## WHAT YOU NEED TO DO
From the line containing "死撑 人生一世我只懂企硬 |" through the last line of the data, both ends included, write out every line exactly; omit the pictures.

## PROVIDED MATERIAL
§ §

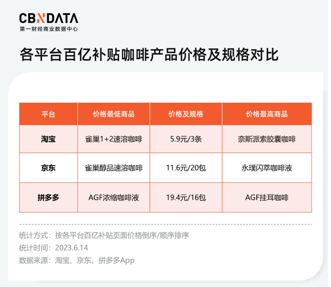 首先是在今年各大品牌都声称“买贵必赔”的百亿补贴版块,不少咖啡品牌也加入其中。CBNData统计了淘宝、京东、拼多多补贴频道的价格最高/最低商品,结果如下:
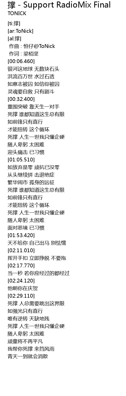 | [01:39.380] | 死撑 人生一世我只懂企硬 |
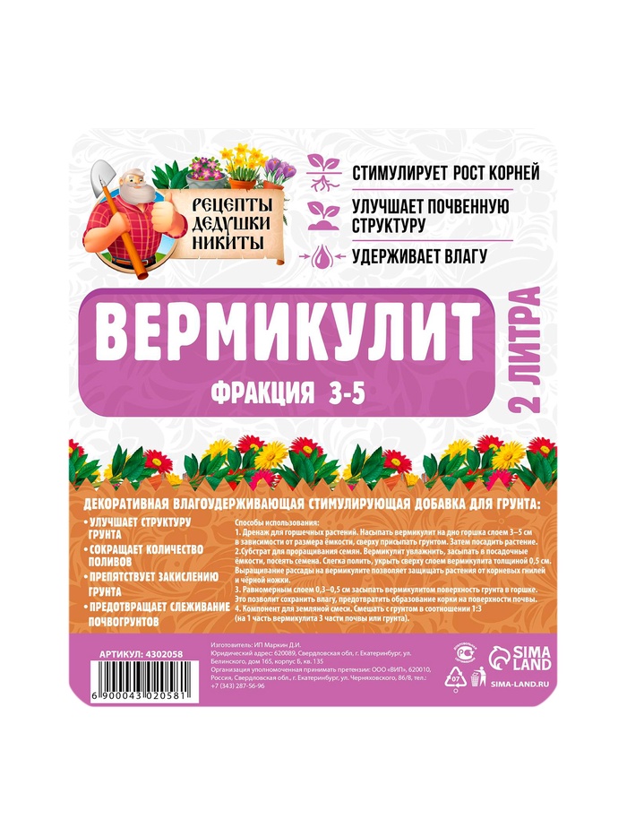 Вермикулит от ТМ "Рецепты Дедушки Никиты"

§ §

## WRITTEN REPLY
 | [01:39.380] | 死撑 人生一世我只懂企硬 |
 Вермикулит от ТМ "Рецепты Дедушки Никиты"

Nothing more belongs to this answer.